─── DATA FOR THIS EXERCISE ───
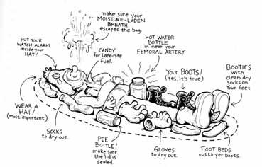 Hei! Mnjaa -- den åpenbare løsningen her er jo gåsedun med høy loft, men det er jo, som du sier, svindyrt. Dersom du ikke ønsker å kaste bort penger på kjente merker vanlige i Norge (Rab, Mountain Equipment, Mammut), er det i alle fall noen litt billigere produsenter som får mye skryt her på forumet: Sjekk ut sortimentet til Cumulus, Roberts og Warmpeace. Flere av disse kan kjøpes av norske forhandlere, mens du nok kan spare enda noen kroner på å kjøpe direkte fra produsent eller forhandler i sentral-Europa. Samme dun, samme ytterstoff, samme kvalitet -- kjekkere pris. Når det er sak, så går det an å snu litt på flisa, om du er villig til å tenke litt annerledes: Det går an å dra på betraktelig mye mindre vekt og volum dersom du er villig til å kle på deg når du legger deg: Dersom du allerede har en dunjakke, så er den ypperlig å sove i dersom det blir kaldt. Kjør på med noen svære sokker (gjerne dun) og stilong + bukse, så kan du slippe unna med bare en liten quilt. Det gledelige med en eventuell ekstra-tynn sovepose eller quilt, er jo at den godt lar seg kombinere med den soveposen du har fra før, og dermed kan kombineres til å bli en superpose på vintertid. Bilder fra Clelland! til inspirasjon.3 poeng
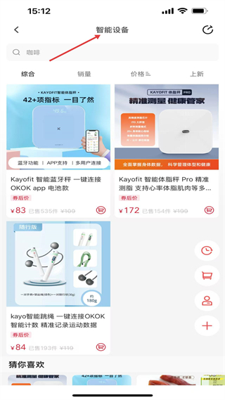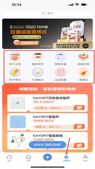 1、優(yōu)惠購板塊,有控卡主食等分類,展示體脂秤等優(yōu)惠商品,用戶可選購減肥相關(guān)用品。
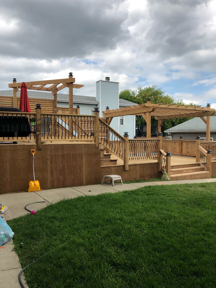 I have been working on a lot of small projects and this deck (it only took a week) is one of them, but by far the coolest. It is 41’ long by slightly over 16’ wide. It has 3 levels, 2 pergola’s, a privacy wall and solar powered lights. Enjoy the photo and let me know what you think... and remember... I will build you a deck for Steem.
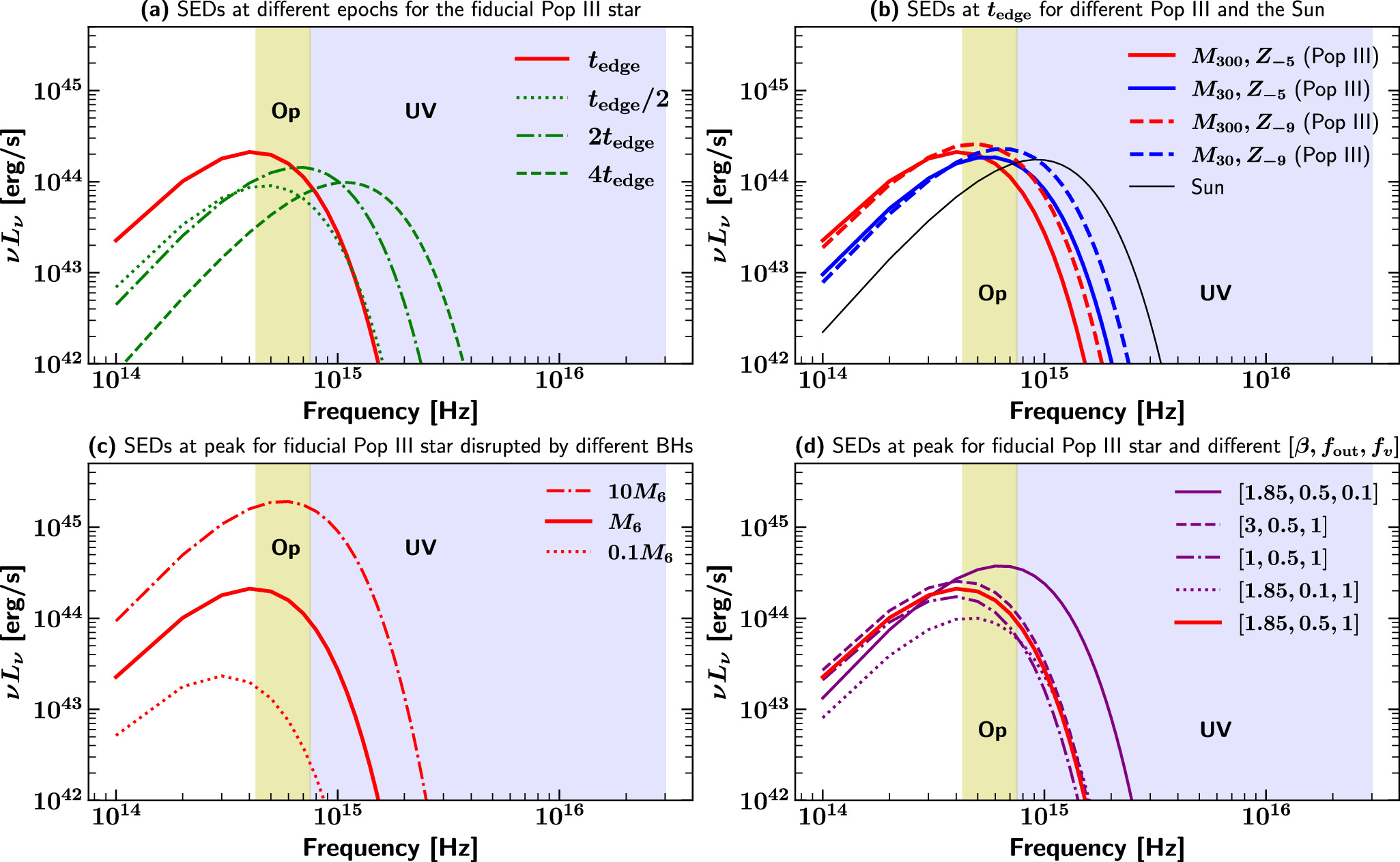 Spectral energy distributions (SEDs) of the Pop III star tidal flares in the rest frame of the host galaxy. The default parameter set used for plotting this figure and the those subsequent is M BH = 106 M ⊙, M ⋆ = 300M ⊙ (M 300), Z = 10−5(Z −5), f out = 0.5, f v = 1, and β = β c = 1.85 (the red solid curve) unless specified otherwise. (a) The evolution of the SEDs at different epochs: t edge/2, t edge (peak luminosity), 2× t edge, and 4× t edge. (b) The SEDs at t = t edge for various Pop III stars of different masses or metallicities and a solar-type star. (c) The dependence of the SEDs (at t = t edge) on M BH. (d) The dependence of the SEDs (at t = t edge) on other parameters including the mass outflow fraction (f out), the ratio between wind velocity and escape velocity (f v ), and the stellar orbital penetration parameter β (with β c = 1.85 being the critical value for full tidal disruption).
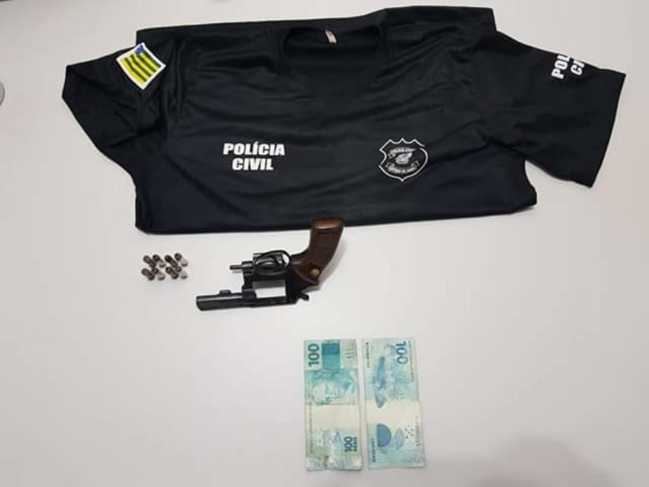Ele vestia uma camisa imitando o uniforme da Polícia Civil (PC) e se apresentou como delegado. Uma pessoa que passava pelo depósito, notou a situação estranha e fez denúncia na delegacia da cidade. Com o falso PC foram encontrados uma arma de fogo calibre .38, um celular e dinheiro.
───
All of the lines above must be printed again exactly, and no picture may appear in the copy.

■ RESULT ■
 Hei! Mnjaa -- den åpenbare løsningen her er jo gåsedun med høy loft, men det er jo, som du sier, svindyrt. Dersom du ikke ønsker å kaste bort penger på kjente merker vanlige i Norge (Rab, Mountain Equipment, Mammut), er det i alle fall noen litt billigere produsenter som får mye skryt her på forumet: Sjekk ut sortimentet til Cumulus, Roberts og Warmpeace. Flere av disse kan kjøpes av norske forhandlere, mens du nok kan spare enda noen kroner på å kjøpe direkte fra produsent eller forhandler i sentral-Europa. Samme dun, samme ytterstoff, samme kvalitet -- kjekkere pris. Når det er sak, så går det an å snu litt på flisa, om du er villig til å tenke litt annerledes: Det går an å dra på betraktelig mye mindre vekt og volum dersom du er villig til å kle på deg når du legger deg: Dersom du allerede har en dunjakke, så er den ypperlig å sove i dersom det blir kaldt. Kjør på med noen svære sokker (gjerne dun) og stilong + bukse, så kan du slippe unna med bare en liten quilt. Det gledelige med en eventuell ekstra-tynn sovepose eller quilt, er jo at den godt lar seg kombinere med den soveposen du har fra før, og dermed kan kombineres til å bli en superpose på vintertid. Bilder fra Clelland! til inspirasjon.3 poeng
 1、優(yōu)惠購板塊,有控卡主食等分類,展示體脂秤等優(yōu)惠商品,用戶可選購減肥相關(guān)用品。
 I have been working on a lot of small projects and this deck (it only took a week) is one of them, but by far the coolest. It is 41’ long by slightly over 16’ wide. It has 3 levels, 2 pergola’s, a privacy wall and solar powered lights. Enjoy the photo and let me know what you think... and remember... I will build you a deck for Steem.
 Spectral energy distributions (SEDs) of the Pop III star tidal flares in the rest frame of the host galaxy. The default parameter set used for plotting this figure and the those subsequent is M BH = 106 M ⊙, M ⋆ = 300M ⊙ (M 300), Z = 10−5(Z −5), f out = 0.5, f v = 1, and β = β c = 1.85 (the red solid curve) unless specified otherwise. (a) The evolution of the SEDs at different epochs: t edge/2, t edge (peak luminosity), 2× t edge, and 4× t edge. (b) The SEDs at t = t edge for various Pop III stars of different masses or metallicities and a solar-type star. (c) The dependence of the SEDs (at t = t edge) on M BH. (d) The dependence of the SEDs (at t = t edge) on other parameters including the mass outflow fraction (f out), the ratio between wind velocity and escape velocity (f v ), and the stellar orbital penetration parameter β (with β c = 1.85 being the critical value for full tidal disruption).
Ele vestia uma camisa imitando o uniforme da Polícia Civil (PC) e se apresentou como delegado. Uma pessoa que passava pelo depósito, notou a situação estranha e fez denúncia na delegacia da cidade. Com o falso PC foram encontrados uma arma de fogo calibre .38, um celular e dinheiro.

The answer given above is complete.